That, I would agree with.

What I've been showing for the past 14 pages (in my settings it is 14 now, for others it is 28 or something, right?) is that it isn't just a bad feeling we get. That is the beginning but there are reasons for this bad feeling. The mechanic itself has multiple reasons why it annoys me(us) beyond "I don't like it." These comments make me think that you think it is a last straw. It isn't. It is another straw. It doesn't make sense (as you seem to at least partially agree) and yet pemerton doesn't see it - which does confound me a little.

And when did I say anything about rainbows and unicorns?

I was speaking/writing colloquially about "you"...it sounds more awkward to my ears to say "If one is trying to tell me..." I was just trying to make my position clearer to the general thread audience, rather than directing a comment to you personally about your style or argument. No offense intended. Please pardon my hyperbole.

I agree that the mechanic may not be very sensible in all situations, at times requiring what [MENTION=42582]pemerton[/MENTION] calls "deft narration" to even begin to make sense out of it in the fiction. However, I and others find that to be true of a fair number of things in a typical/traditional D&D engine. So, from my (and I think pemerton's) perspective, that by itself doesn't really make this mechanic unsuitable for D&D (or at least no less suitable than all those other things).

If a person can accept all those other awkwardnesses, and miss damage is just one too many for them to make narrative sense of a D&D combat...then that's how I think its the "last straw" for that person. Which seems to be the case for a decent number of posters in this thread.

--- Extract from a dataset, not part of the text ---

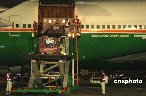 12月23日下午6時許,抵達(dá)臺北桃園機(jī)場的大陸贈臺大熊貓“團(tuán)團(tuán)”、“圓圓”經(jīng)過檢疫程序后,它們的箱籠從長榮航空專機(jī)出艙。 中新社發(fā) 陳立宇 攝

Stepping back for a second, though. Even though I (and I presume anyone sticking around to read this post) enjoy arguing about game mechanics. I wouldn't want you to discount your feelings in matters such as these. This is, after all, a leisure activity...whether you/we like it or not is of critical importance whether or not you have some well-reasoned argument about it! At least, that's how I see it.
 

That it is 20th level means it is going to see less play. It means it is balanced against things that other 20th level characters can do. If the fighter got this ability at 20th it would be FAR less game breaking.
It hadn't occurred to me that your objection (or anyone else's) was that the ability is unbalanced. I don't see that at all. Assuming that 3/5 of attacks hit (that is roughy the ratio in 4e), then 3 damage per miss is the statistical equivalent of a +2 damage bonus. I don't think that's game breaking at all!